** Opening DATASET block **

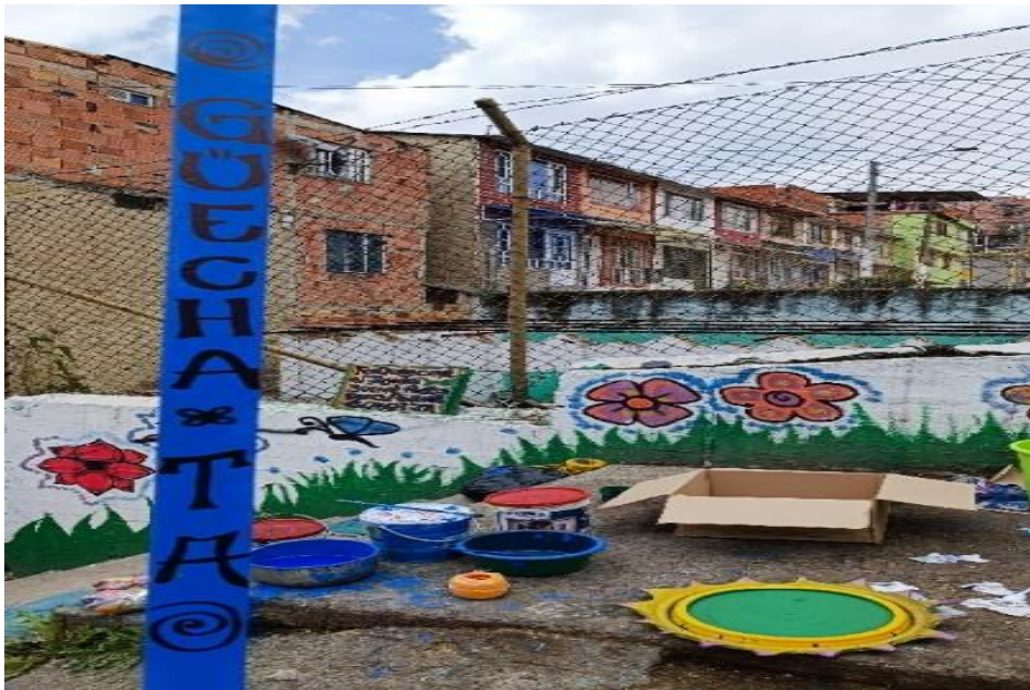
Fotografía N° 5. Pintas de los y las niñas de Montañeros F.C.

Entre las estrategias existieron apuestas y proyecciones que intentaron construir lazos con la comunidad y espacios de encuentro para crear y fortalecer otros vínculos sociales y comunitarios, articulando el arte como alternativa. Es importante resaltar lo que aporta
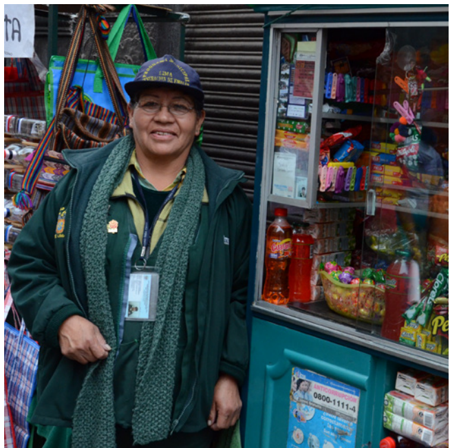
foto de Lima
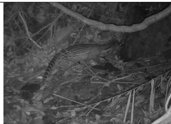
麝香貓(第二級保育類)
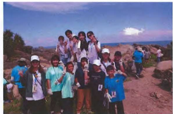
【圖示：校外教學暨淨灘活動留影】
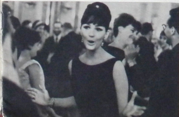
Когда вокруг — друзья...
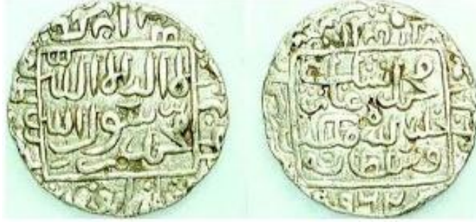
Şekil-5: XVI. Yüzyılda Bengal hükümetinin etkisi altında kalındığı döneme ait bir sikke.

ğa uğramıştır. Narapati tekrar tahta otursa bile 1645 yılında yerine yeğeni Tadamntra geçmiştir. 1652 yılında ülke yönetimi Tadamntra'nın oğlu Sanda Tudamma'nın eline geçmiştir. Sanda Tudamma'nın ölümünden sonra ülke, 1784 yılında Burmalılar tarafından işgal edilinceye kadar yirmi altı kral tarafından yönetilmiştir. 73 Müslüman yöneticilerin içinde bulunduğu taht kavgalarından bunalan bir heyet Burma kralı olan Bodavphaya'ya, Arakan'ın kuşatması için müracaat etmiştir. Bodavphaya da bu fırsatı kabul edip 1784 yılında Arakan'ı kuşatmış ve Arakan'ın bağımsızlığını sona ermiştir.
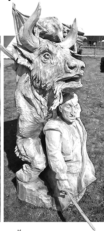
Кровь и песок
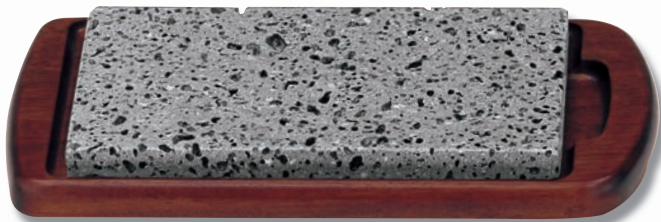
SA-44 石焼ステーキセット(大) 340×185×35 ¥16,600
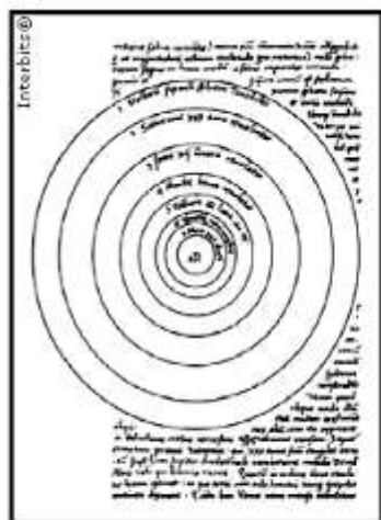
Ilustração do Sistema solar no manuscrito de Copérnico na obra "Das Revoluções das esferas celestes".

1. As imagens abaixo ilustram alguns procedimentos utilizados por um novo modo de conhecer e explicar a realidade que se estruturou entre os séculos XVI e XVIII.
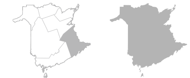
Zone 1 Région de Moncton et du Sud-Est Province Nouveau-Brunswick
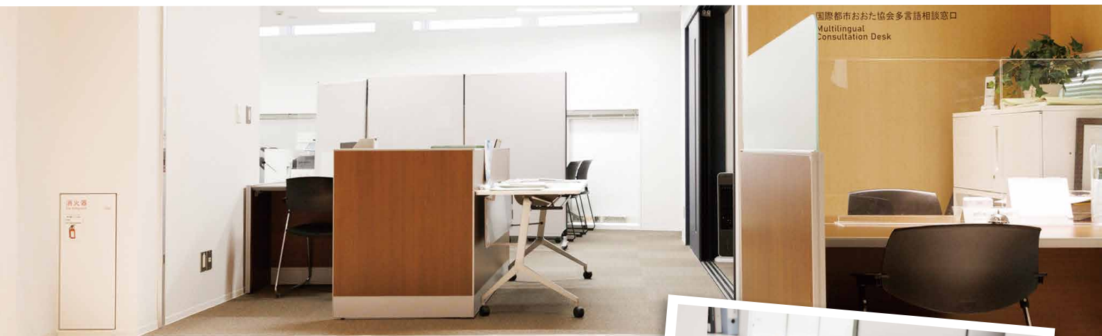
国際都市おおた協会多言語相談窓口 Multilingual Consultation Desk
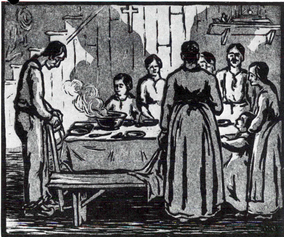
Duguay, R., Le Bénédicité, 1930. Gravure sur bois en gris-vert et noir. 16 x 19 cm (6-5/16 x 7-1/2 po).

L'une des douze nouvelles expositions itinérantes organisées dans le cadre du Programme national de la Galerie nationale du Canada fut inaugurée le 19 septembre dernier à Ottawa: Quarante gravures de Rodolphe Duguay.
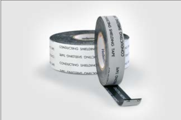
HelaTape Shield 310 ist ein leitfähiges EPR-Band zur Abschirmung von Mittelspannungskabeln.
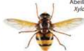
Volucelle zonée, Volucella zonaria

De nombreuses mouches (Diptères) peuvent ressembler à des guêpes ou des frelons. Mais à la différence de ceux-ci elles ne possèdent qu'une seule paire d'ailes au lieu de deux. Leurs yeux sont généralement beaucoup plus globuleux et leurs antennes plus courtes.
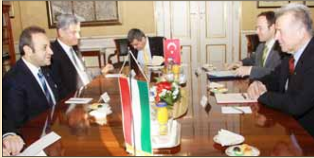
Başmüzakereci Devlet Bakanı Egemen Bağış, Macaristan Cumhurbaşkanlığı Sarayı'nda Macar Cumhurbaşkanı Pál Schmitt ile ikili görüşme yaparken

AB müzakerelerinde çok önemli gelişme yaşanacağına inanıyoruz".
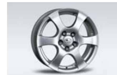
19 Kola z lehkých slitin 7,0 x 17", ET 48 2747 W
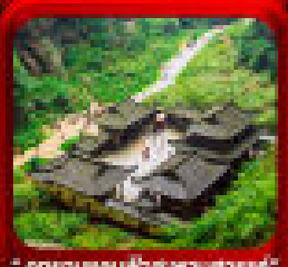
* อุทยานหลุมฟ้าฮัก *
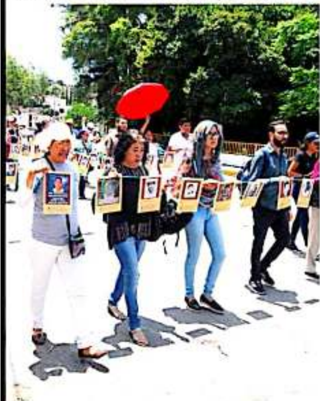
CHILPANCINGO, GRO.- Durante una marcha en el Día Internacional del Detenido-Desaparecido, se informó que en el estado de Guerrero suman unas 5 mil personas desaparecidas durante los últimos 5 años.

En la marcha participan más de 300 personas del Frente Guerrero por Nuestros Desaparecidos e integrantes de colectivos de Iguala, Chilpancingo y Acapulco.
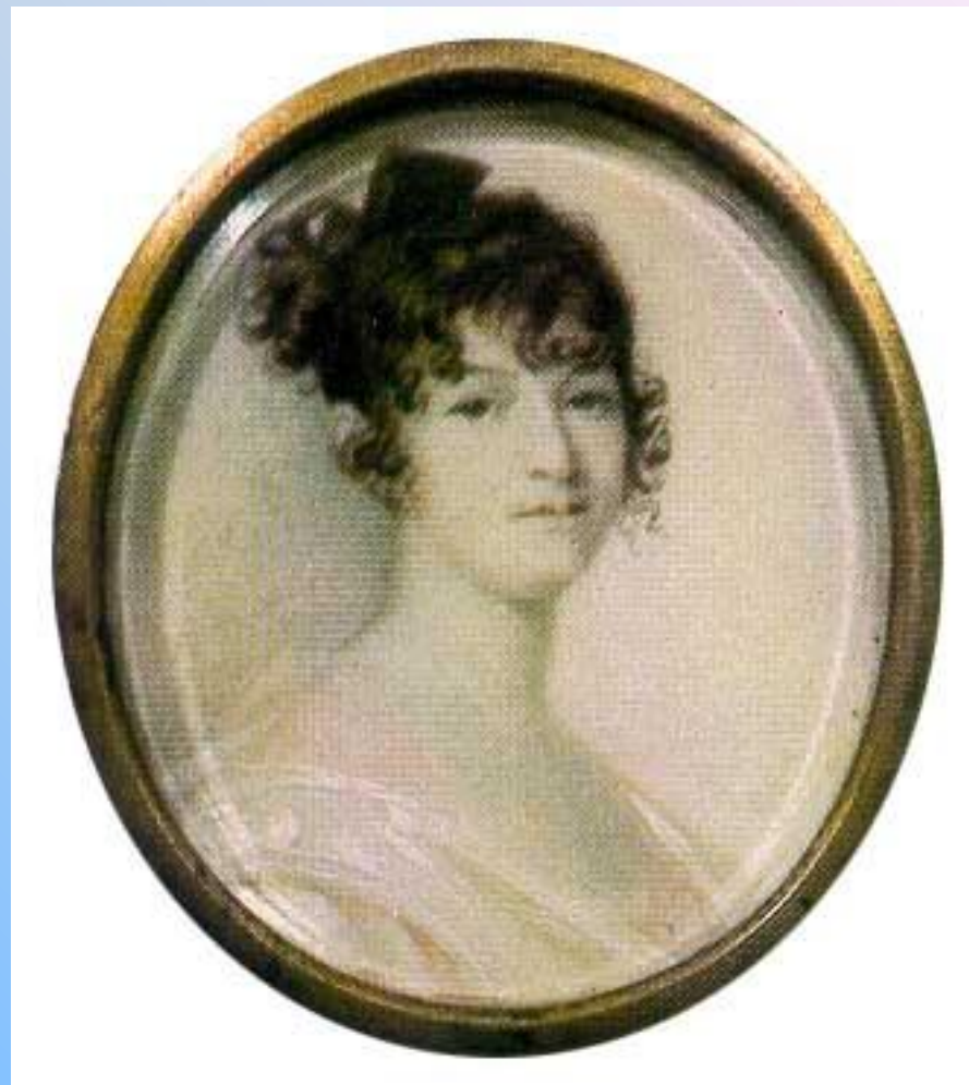
Миниатюра Ксавье де Местра. Н.О. Пушкина. 1800-е гг.
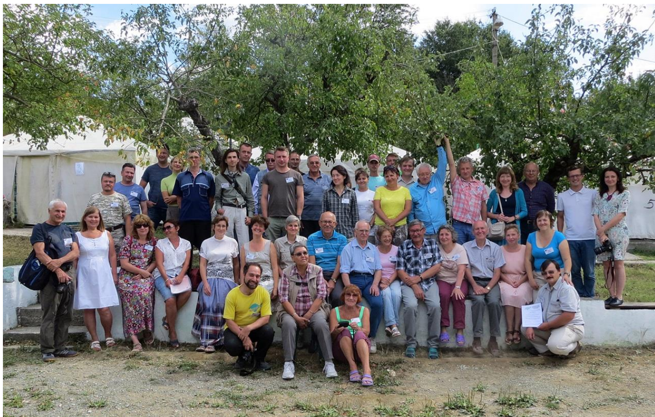
Конференция «Полевые практики – 2017»

** Closing DATASET block **

» **WHAT YOU SHOULD DO**
Copy out, in full, each line above that has the word "personas" in it.

» **SOLUTION TO THE PROBLEM**
CHILPANCINGO, GRO.- Durante una marcha en el Día Internacional del Detenido-Desaparecido, se informó que en el estado de Guerrero suman unas 5 mil personas desaparecidas durante los últimos 5 años.
En la marcha participan más de 300 personas del Frente Guerrero por Nuestros Desaparecidos e integrantes de colectivos de Iguala, Chilpancingo y Acapulco.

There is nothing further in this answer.